The accompanying drawings, which constitute a part of the present invention, are used to provide a further understanding of the present invention. The exemplary embodiments of the present invention and their descriptions are used to explain the present invention and do not constitute improper limitations on the present invention.

FIG1 is a flowchart of mouse immunization in an embodiment of the present invention.

Figures 2A to 2E show the construction of mouse CAR-T cells and killing experiments in an embodiment of the present invention.

Among them: Figure 2A is the structure and original diagram of PDGFRβCAR; Figure 2B is the lentiviral vector used for construction; Figure 2C is the flow cytometry identification of mouse T cells after sorting; Figure 2D is the detection of the positive rate of PDGFRβCAR-T cells; Figure 2E is the detection of the killing ability of PDGFRβCAR-T cells;

3A to 3C show that PDGFRβ CAR-T cells prevent renal fibrosis caused by the UUO model in an embodiment of the present invention.

Among them: Figure 3A is a Western blot detection of the changes in fibrosis-related proteins Vimentin, Fibronectin, E-cadherin, and α-sma in the renal cortex of UUO model mice; Figure 3B is an immunohistochemistry detection of the changes in fibrosis-related proteins Fibronectin and α-sma in the renal cortex of UUO model mice; Figure 3C is Sirius Red and Masson staining to detect the degree of renal fibrosis in mice.

FIG4A to FIG4C show that PDGFRβCAR-T cells improve renal fibrosis caused by the UUO model in an embodiment of the present invention.

Among them: Figure 4A is a Western blot detection of the changes in fibrosis-related proteins Vimentin, Fibronectin, Collagen I, and α-sma in the renal cortex of UUO model mice; Figure 4B is an immunohistochemistry detection of the changes in fibrosis-related proteins Fibronectin and α-sma in the renal cortex of UUO model mice; Figure 4C is Sirius Red and Masson staining to detect the degree of renal fibrosis in mice.

Figures 5A to 5G show that PDGFRβ CAR-T cells can improve fibrosis caused by the DOCA/salt hypertension model in an embodiment of the present invention.

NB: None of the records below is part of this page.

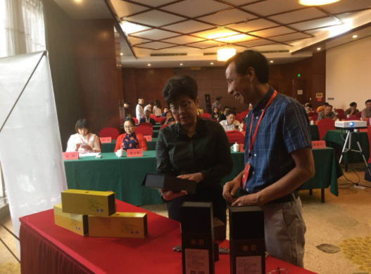 研討會現場、湖南省渠江薄片茶葉有限公司董事長陳建明向新化縣副縣長文瑾介紹新產品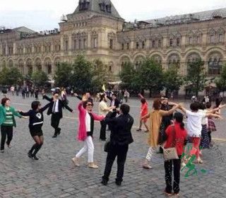 2014年6月14日,一组“中国大妈”在俄罗斯莫斯科红场跳广场舞的照片在网上热传。这次同样引来了当地警察,而大妈们称,警察仅是提醒她们“小声点”而已。
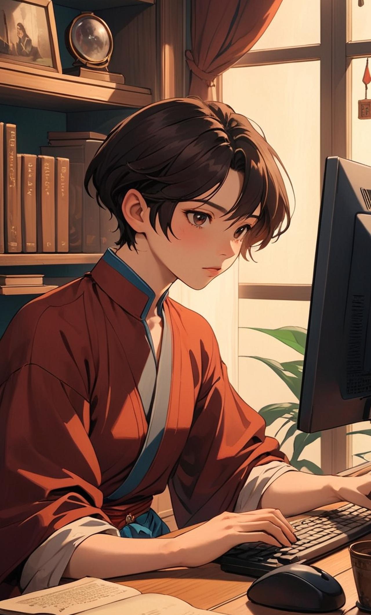 李华是个普通的年轻人,短发整齐,衣着简单大方。他性格开朗,待人真诚,喜欢分享自己的见闻和想法。他常常被周围的环境吸引,对各种新鲜事物都充满了好奇心。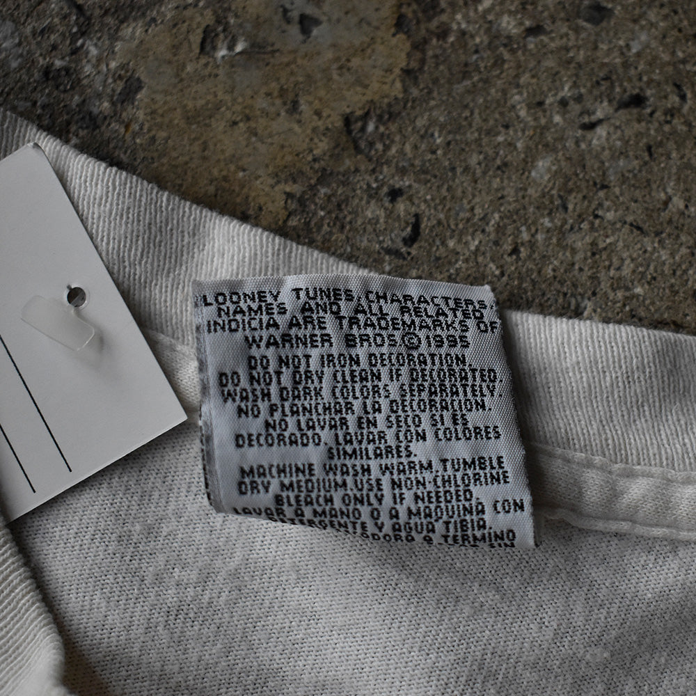 note...USアニメ、ルーニー・テューンズ。人気キャラクター、タズマニアンデビル。フロントに大きく入るタズ。両袖には “NO COMMENT!のメッセージプリント。ユニークなグラフィックセンスが、まさにルーニー・テューンズらしいポップで皮肉の効いた1枚!しかもレアなロングスリーブボディ!95年コピーライト入り。USA製。サイズはXL表記です。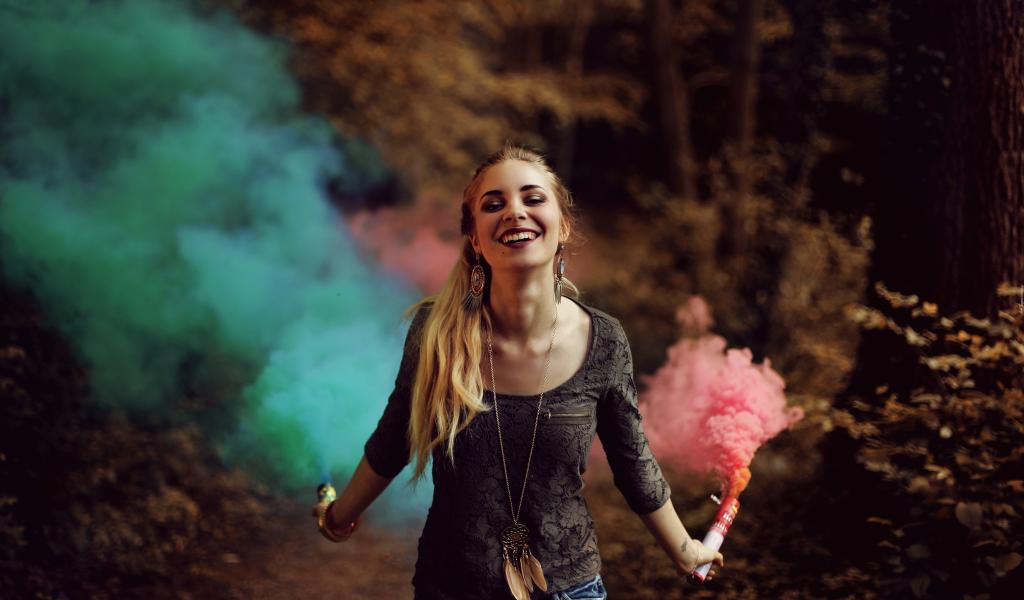 Обои Красивая улыбающаяся девушка с дымовыми шашками в руках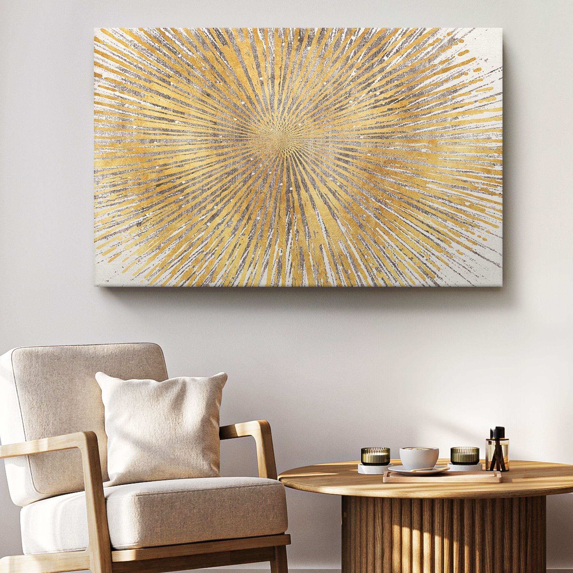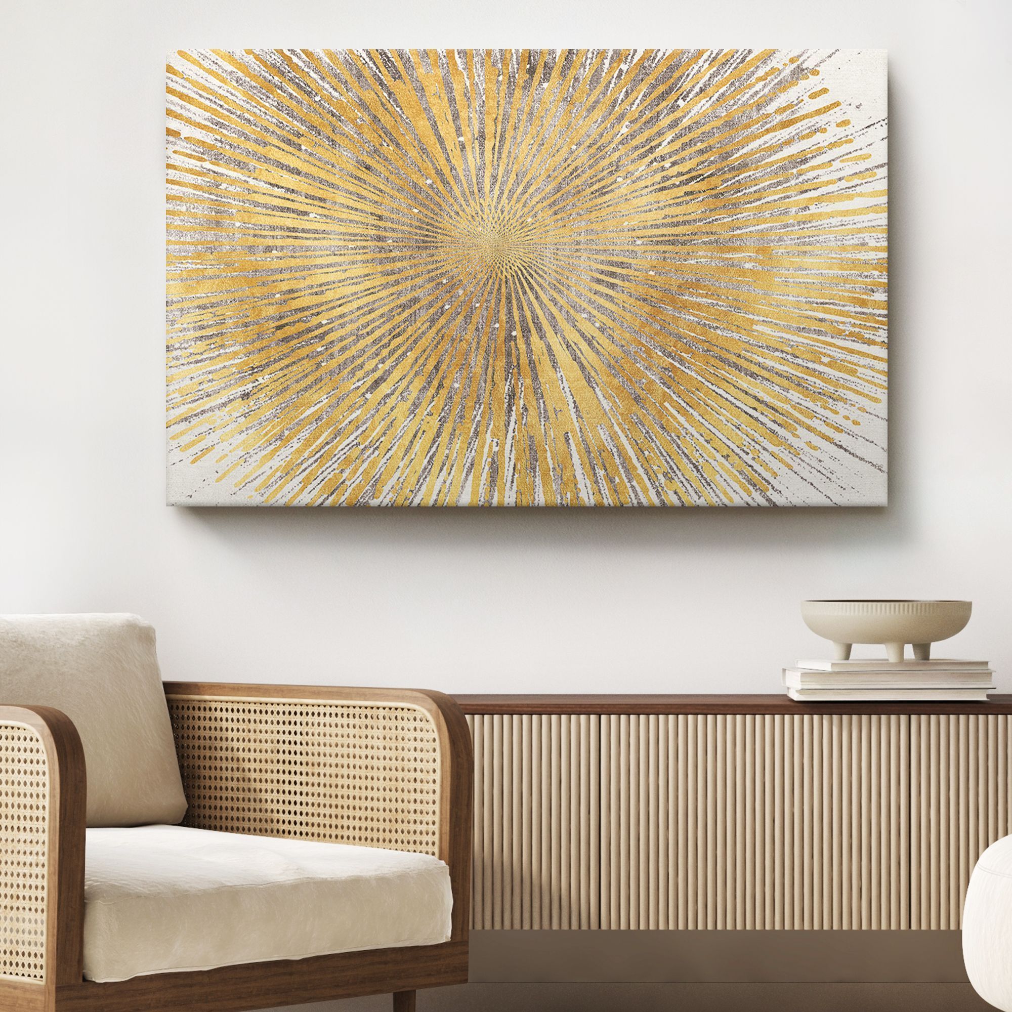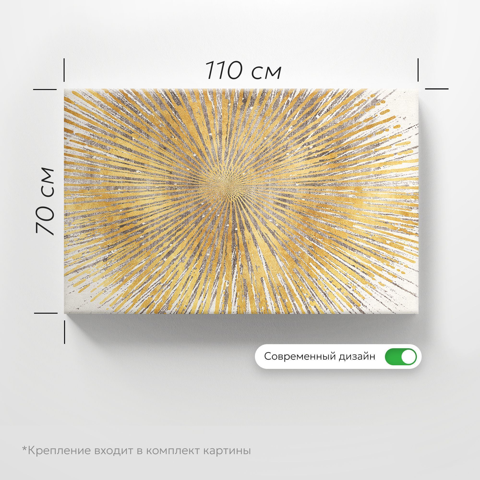 Картина выполнена в абстрактном стиле и изображает эффект сияющего всплеска или солнечных лучей, расходящихся из центра полотна. Основной мотив — динамичные линии, напоминающие золотые и серебристые лучи, которые создают ощущение энергии и движения. Цветовая гамма построена на сочетании тёплых золотистых оттенков с холодными серебристо-серыми, что придаёт работе глубину и контраст. Фон светлый, нейтральный, что позволяет «всплеску» лучей выглядеть особенно выразительно. Текстура мазков неравномерная, с элементами пастозности, что добавляет объём и художественную выразительность. Композиция центростремительная — взгляд зрителя сразу притягивается к «ядру» сияния. Картина на холсте станет выразительным акцентом на однотонной стене, подчеркнёт лаконичность мебели и отделки. Золотые лучи добавят тепла и динамики в сдержанный интерьер.

Among them: Figure 5A is a Western blot detection of changes in fibrosis-related proteins Vimentin, Fibronectin, Collagen I, and α-sma in the renal cortex of DOCA/salt hypertension model mice; Figure 5B is an echocardiogram detection of cardiac function in DOCA/salt hypertension model mice; Figure 5C is HE staining detection of changes in myocardial thickness in DOCA/salt hypertension model mice and Sirius Red detection of the degree of fibrosis in small and medium blood vessels in the heart of DOCA/salt hypertension model mice; Figure 5D is HE staining detection of changes in aortic wall thickness in DOCA/salt hypertension model mice; Figure 5E is the change in kidney weight to body weight ratio in each group of DOCA/salt hypertension model mice; Figure 5F is the change in urinary microalbumin in each group of DOCA/salt hypertension model mice; Figure 5G is immunohistochemistry detection of changes in fibrosis-related protein α-sma in the renal cortex of DOCA/salt hypertension model mice; Sirius Red and Masson staining are used to detect the degree of renal fibrosis in DOCA/salt hypertension model mice.

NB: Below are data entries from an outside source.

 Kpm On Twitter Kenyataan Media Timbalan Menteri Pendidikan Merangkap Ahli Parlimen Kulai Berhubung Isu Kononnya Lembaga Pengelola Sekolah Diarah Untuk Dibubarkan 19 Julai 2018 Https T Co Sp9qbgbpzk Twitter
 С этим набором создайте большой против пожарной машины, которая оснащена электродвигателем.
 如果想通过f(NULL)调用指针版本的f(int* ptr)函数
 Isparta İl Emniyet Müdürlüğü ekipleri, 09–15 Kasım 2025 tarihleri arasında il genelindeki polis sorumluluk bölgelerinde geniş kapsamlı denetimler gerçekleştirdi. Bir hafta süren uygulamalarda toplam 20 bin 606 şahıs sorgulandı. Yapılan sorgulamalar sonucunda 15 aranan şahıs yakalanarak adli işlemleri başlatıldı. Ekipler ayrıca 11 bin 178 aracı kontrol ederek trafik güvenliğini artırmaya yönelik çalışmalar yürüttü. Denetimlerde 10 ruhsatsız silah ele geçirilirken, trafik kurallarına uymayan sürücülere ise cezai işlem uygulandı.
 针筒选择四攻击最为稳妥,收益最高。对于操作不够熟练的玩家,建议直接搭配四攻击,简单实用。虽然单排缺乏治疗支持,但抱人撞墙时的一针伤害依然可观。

6A to 6G show that PDGFRβ CAR-T cells can improve fibrosis caused by Ang II hypertension model in an embodiment of the present invention.

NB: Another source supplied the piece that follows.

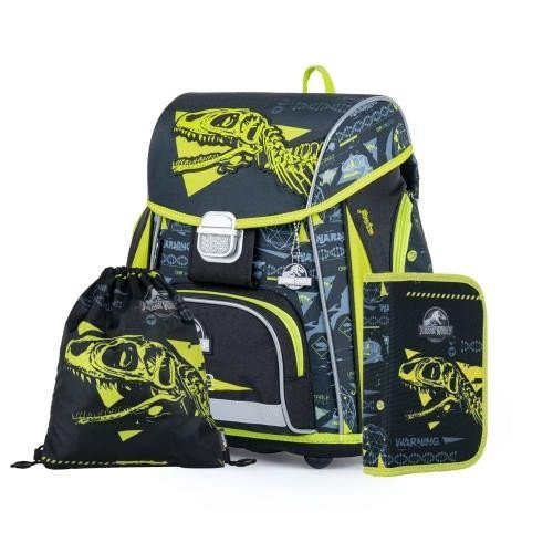 Školní set pro prvňáčka s motivem Jurského světa. Set obsahuje školní batoh Premium, sáček na cvičky a nenaplněný jednopatrový penál. Aktovka: Školní aktovka z řady Premium s motivem Jurského světa je anatomicky tvarovaná a zajišťuje tak správné usazení na zádech. Popis : Pevné dno Anatomicky tvarovaná polstrovaná záda Reflexní prvky v souladu s ČSN Polstrované nastavitelné ramenní popruhy Nastavitelný hrudní popruh Přítažný popruh Boční kapsy na láhev Přední kapsa na svačinu Na spodní části víka najdete rozvrh hodin Vhodné do 1.-3. třídy ZŠ Váha: 1 100 g Nosnost: 8 kg Objem: 20 l Rozměry: 350 x 310 x 180 mm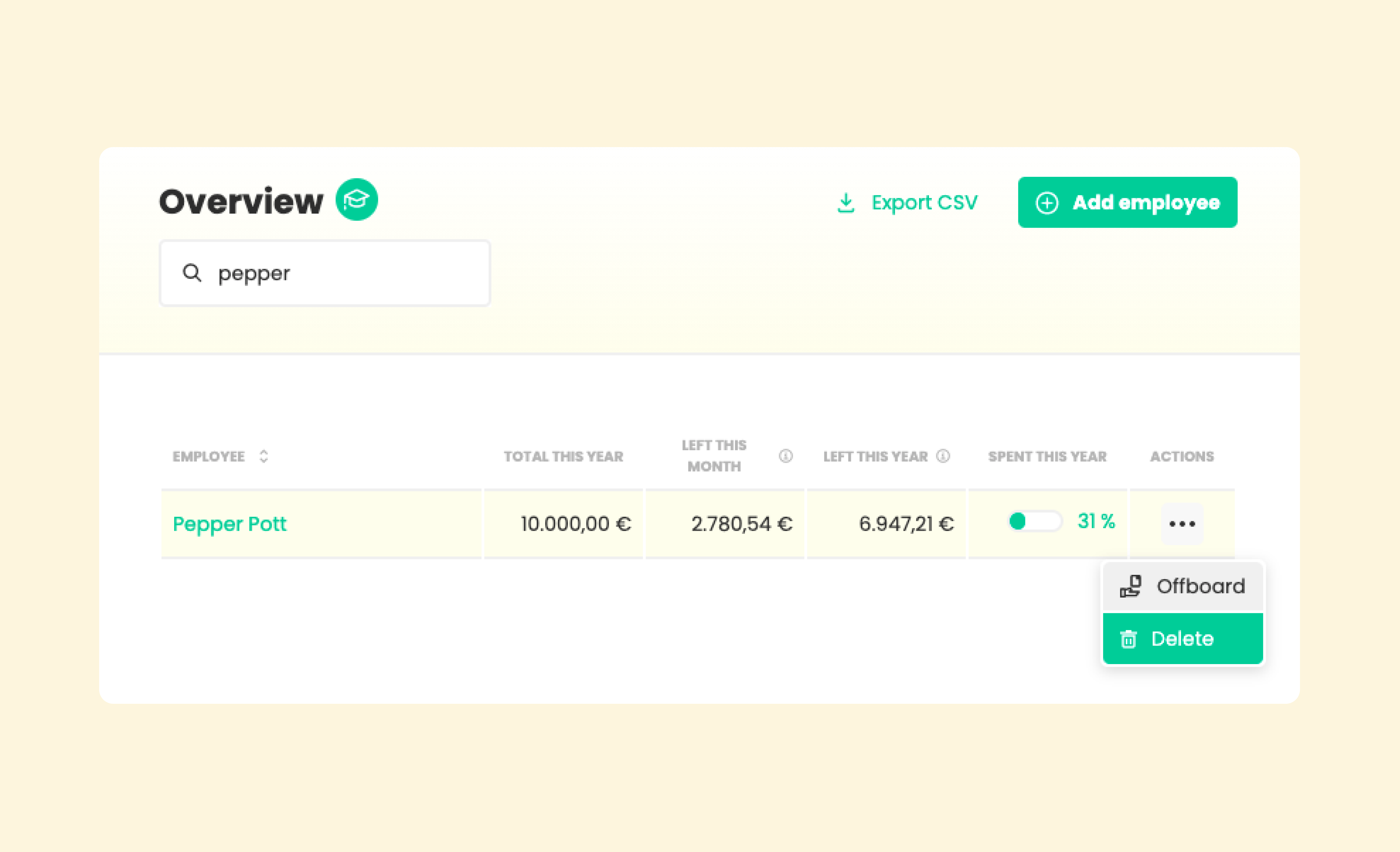 We continuously sync the Mbrella budget and employee data with Skipr. No other tool needed, everything is integrated.

Among them: Figure 6A is a Western blot detection of changes in fibrosis-related proteins α-sma, Vimentin, and E-cadherin in the renal cortex of AngII hypertension model mice; Figure 6B is an echocardiogram detection of cardiac function in AngII hypertension model mice; Figure 6C is HE staining detection of changes in myocardial thickness in AngII hypertension model mice and Sirius Red detection of the degree of fibrosis in small blood vessels in the heart of AngII hypertension model mice; Figure 6D is HE staining detection of changes in aortic wall thickness in AngII hypertension model mice; Figure 6E is the change in kidney weight to body weight ratio in each group of AngII hypertension model mice; Figure 6F is the change in urinary microalbumin in each group of AngII hypertension model mice; Figure 6G is immunohistochemistry detection of changes in fibrosis-related protein α-sma in the renal cortex of AngII hypertension model mice; Sirius Red and Masson staining are used to detect the degree of renal fibrosis in AngII hypertension model mice.

DETAILED DESCRIPTION

It should be noted that the following detailed descriptions are illustrative and intended to provide further explanation of the present invention. Unless otherwise specified, all technical and scientific terms used herein have the same meaning as commonly understood by those skilled in the art to which the present invention belongs.

It should be noted that the terms used herein are only for describing specific embodiments and are not intended to limit the exemplary embodiments according to the present invention. As used herein, unless the context clearly indicates otherwise, the singular form is intended to include the plural form. In addition, it should be understood that when the terms "comprise" and/or "include" are used in this specification, they indicate the presence of features, steps, operations, devices, components and/or combinations thereof.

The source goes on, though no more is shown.